I often criticize Godin for being too focused on the upside without enough attention to the downside and you might think that this post “Avoiding fear by indulging in our fear of fear” a target for such critique. He actually endorses a “Managerial” perspective that embracing downside possibilities (by getting “a will, a health proxy, an insurance policy or an up to date checkup” despite the fear they engender just thinking about what they protect)

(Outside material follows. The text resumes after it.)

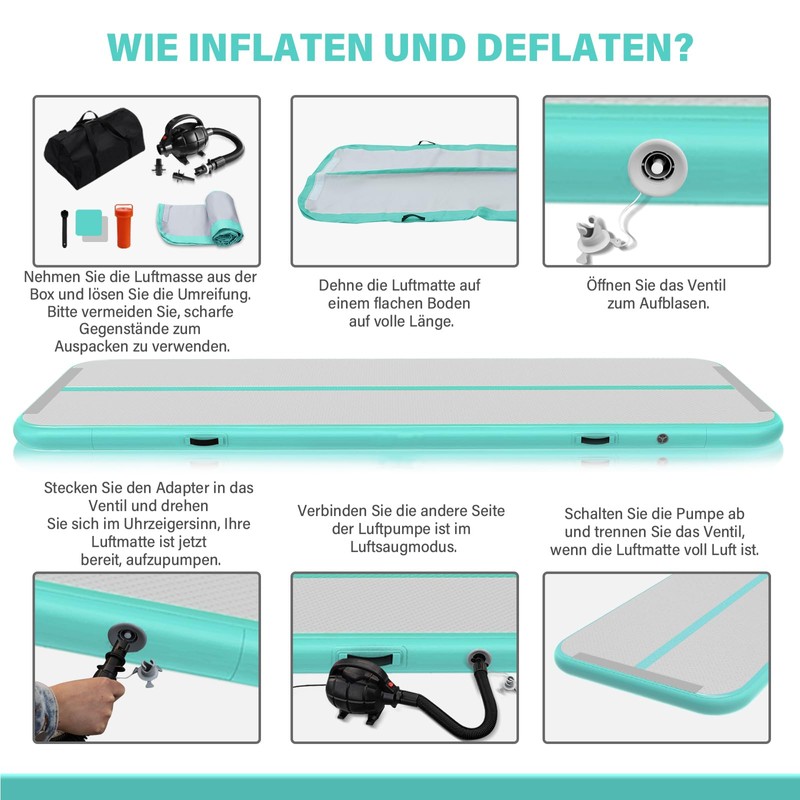 - COMPLETE ACCESSORIES You will receive an Electric air pump when you purchase our Air Mat Only take 8 minutes to inflate or deflate. No noise during training exercise equipment. After inflation, the Air tumbling will maintain its pressure for days. With the carry bag, it will be easy to move around the gym or take to anywhere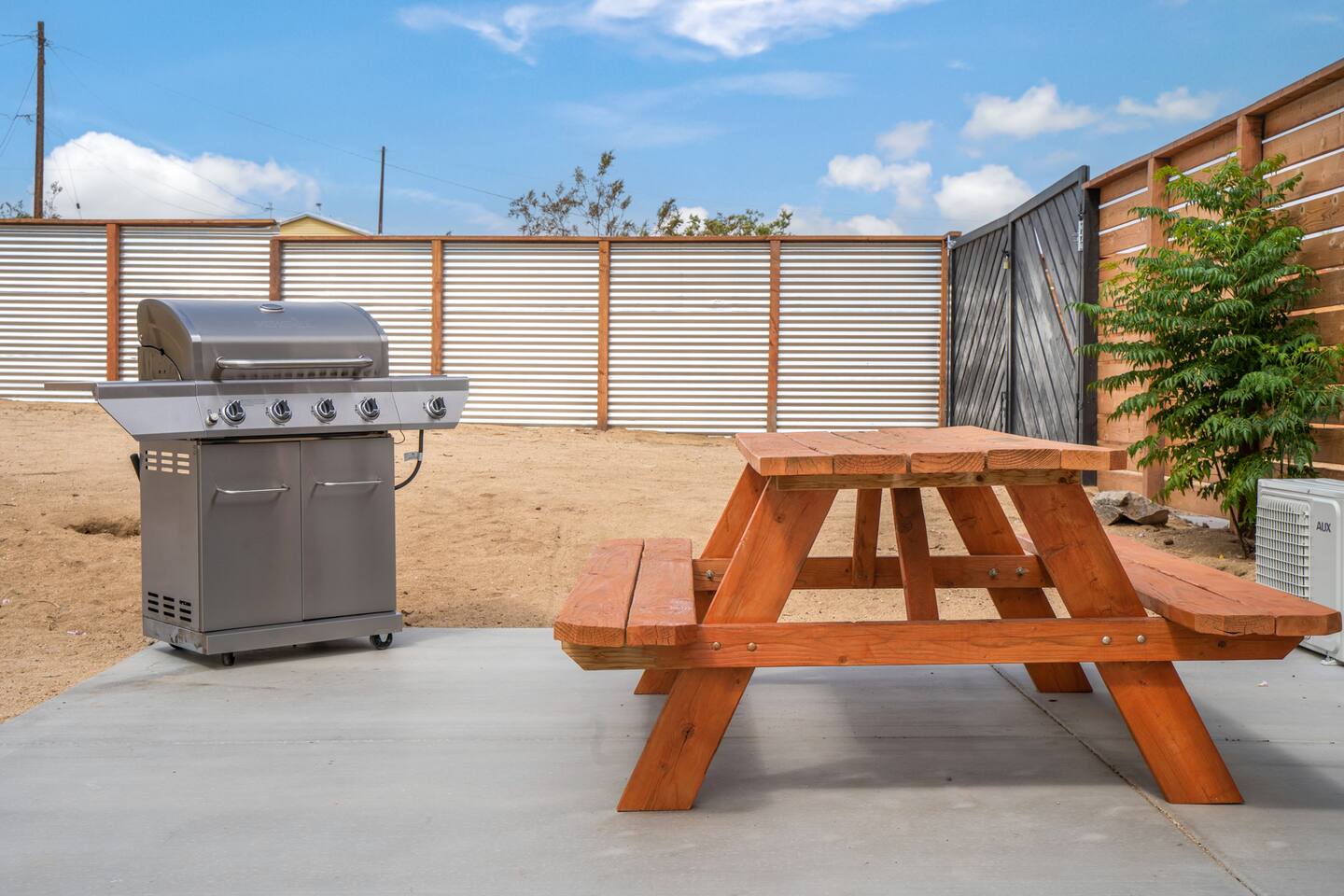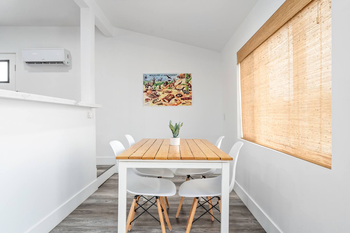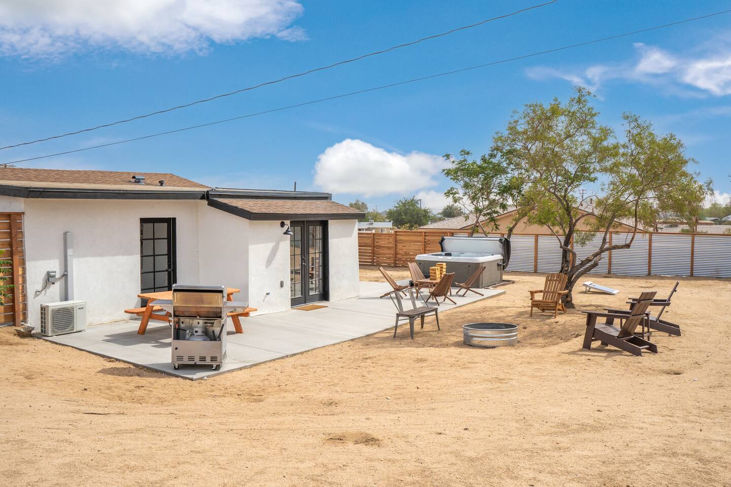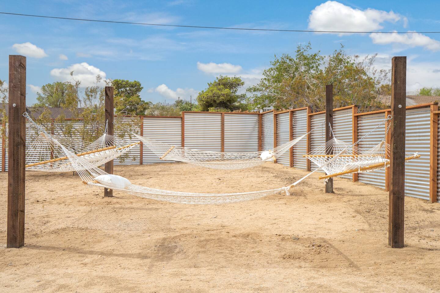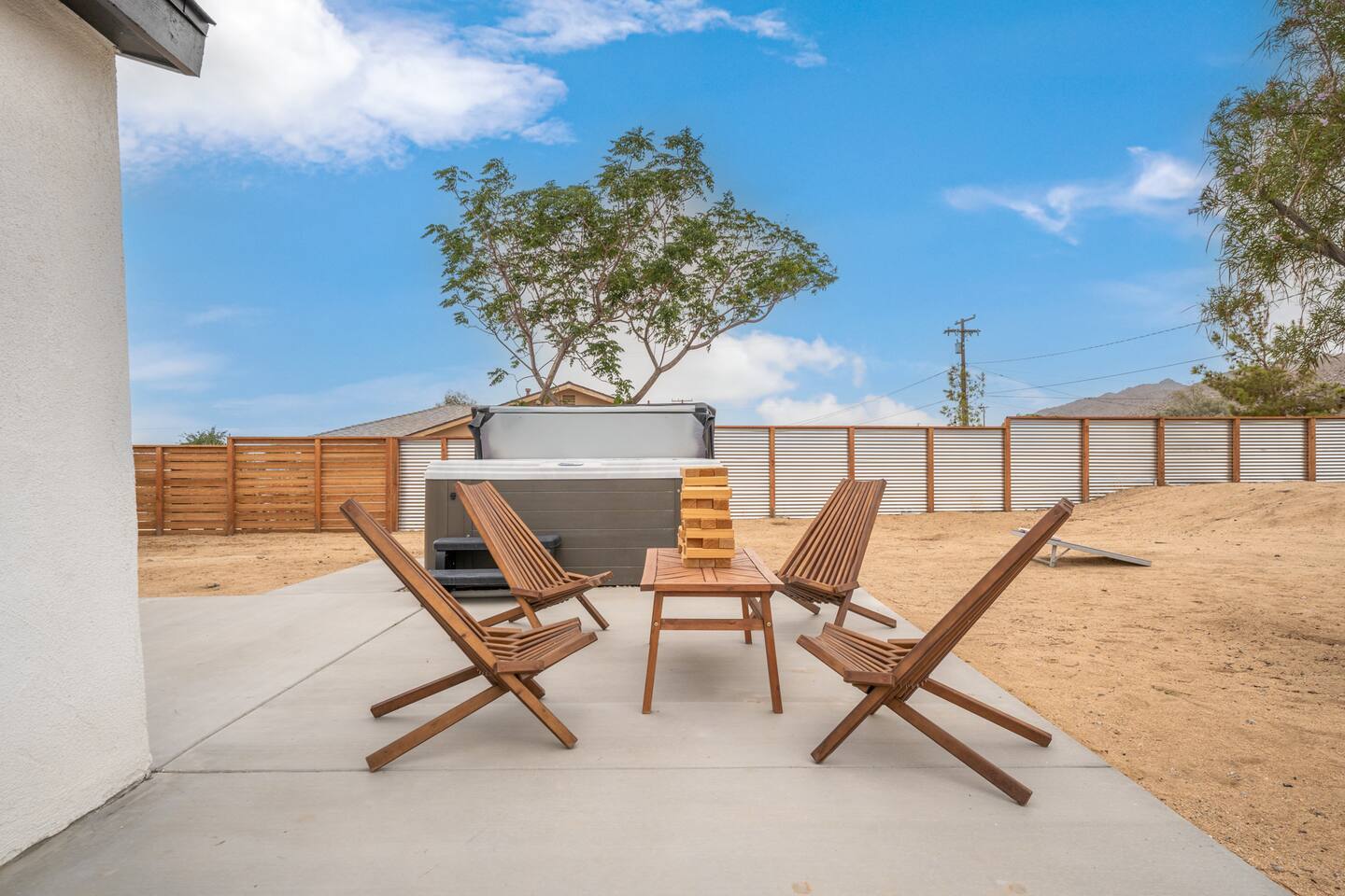 Modern and comfortable home right in the heart of Joshua Tree. Just minutes to the shops of downtown Joshua Tree. 2 bedrooms and 1 bathroom. Full kitchen. Open floor plan. Includes: Hot tub Fire pit Hammocks for 4 BBQ Smart TV Games Great kitchen Recent guest feedback: "Clean modern and great location. This place has everything you need to reset. Backyard is lovely and spent a lot of time outside. Walking distance to restaurants and shops. Go check out hey there projects!" - Jenny "House was beautiful and in a quiet and relaxing part of the town. It was also a straight shot to the national park." - Joseph -- Locally hosted by Jenn, an East Coast transplant, who loves living in the desert and sharing this area with guests. If you need a recommendation or help during your stay, Jenn will be available and happy to help. Some fun things to do while in the area: - Go to a sound bath at Integratron or with one of our local practitioners. - Get an in-home massage by one of our awesome, local massage therapists. - Go on a private, guided hike - a favorite activity for guests! - Have a meal prepared by a local private chef. - Get a private Yoga or Pilates session. - Go on a star gazing tour with Sky Watcher Tours - another favorite! - Go on a private horseback ride and explore canyons, creeks, and desert wildlife. Ready to book? Grab your dates now (before someone else does)! Not ready to decide? Please save our listing ♡ so you can come back when you're ready.

  • We loudly keep track of all the failures of commission around us, but never mention the countless failures of omission, all the mistakes that were made by not being bold. To track those, to remind ourselves of the projects not launched or the investments not made is to encounter our fear of forward motion. (So much easier to count typos than it is to mention the paragraphs never written.) There’s no other reason for not having a will, a health proxy, an insurance policy or an up to date checkup. Apparently, while it’s not risky to plan for our demise, it generates fear, which we associate with risk, and so we avoid it. It’s simple: the fear that used to protect us is now our worst enemy. Easier to avoid the fear than it is to benefit from living with it.”

What I support about this post is his push to fight ‘fear’. ‘Fear’ is an emotional response to downside that the failure embracing side of me does want to minimise. A Manager’s minimisation of downside should not be an emotionally driven approach, but rather one based on as much self-assurance and vision as a Leader pursing a dream.